An entry in the police logbook witnessed by a reporter from RFE/RL's Radio Mashaal noted only that an incident involving a helicopter accident was recorded.
In a separate account published this week by the BBC's Urdu website, an unnamed police officer in Abbottabad said that when he reached the house he saw commandos rappelling from a helicopter and surrounding the compound.
He claimed that he figured he was witnessing a Pakistani military operation and refrained from trying to enter the compound.
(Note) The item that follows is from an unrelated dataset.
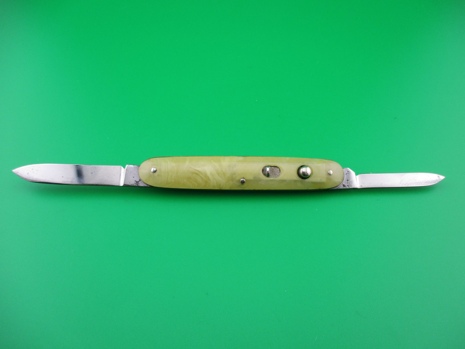 Vintage Remington double switchblade made by the George Schrade Knife Co of Bridgeport, CT in the late 1930s, early 40s under contract by Remington. It was designated the model R8065 MW and still has the original Copper Beryllium spring. The knife measures 3 3/8 inches closed and 7 1/8 inches with both blades open and has brass liners and nickel silver buttons and safeties. The blades are both full and retain all of the original factory finish including an acid etch on the face of the main blade that reads Remington Master Knife with a small pitted area near the tip of the blade. Both blades are stamped Remington on the front. The large blade would normally be stamped R8065 on the back of the tang , but this one does not have that. Pretty sure they just missed it in production. The knife works well with both blade tips seating below the liners closed, both open strong. Large blade has tight lockup open, small blade has slight up and down and a little kickback. Safeties both work. EX+ condition overall.

Twenty minutes later, he said, he heard a loud bang, after which the helicopters flew away.
Most local accounts suggest that Pakistani police and military personnel reached the compound only after U.S. helicopters had flown away.
In the account given to the BBC this week, the unidentified police officer said that when the Pakistani military reached the compound, its personnel noted that a damaged helicopter left behind did not appear to be the same type used by the Pakistani military.
In Islamabad, senior diplomats at Pakistan's Foreign Ministry have provided some clarity to the military's response
Speaking to journalists on May 3, Foreign Secretary Bashir perhaps gave the most complete version of events.
"Our radars were evaded. As soon as the relevant authorities came to know of this particular matter, this was at a time when one of their helicopters crashed or malfunctioned or was destroyed," Bashir said.
"The fact is that the Pakistani armed forces, they had not been consulted, they were not in the know. They did what was required, the air force was scrambled."
The big question that has been left unanswered is what happened after the jets were scrambled. Did they pursue the U.S. helicopter or helicopters? Were they able to identify and track the U.S. helicopter or helicopters, and if so did then pursue them. Were they called off after making contact with the U.S. military?
Over the course of the week, many retired army and air force generals have faced these questions on late-night Pakistani TV shows. None has been able to provide the answers.
Pakistan Military Academy
Foreign Secretary Bashir attempted this week to downplay the much-reported fact that bin Laden was killed within sight of the Pakistan Military Academy, the country's equivalent of West Point.
But Bashir discounted any notion that the academy, commonly known as Kakul, should have responded in any way to the incident.
"The Pakistan military academy is a training institute," Bashir stressed. "It is a routine training institution, and especially over these last few days -- with the courses over -- there is nobody there until the next course starts."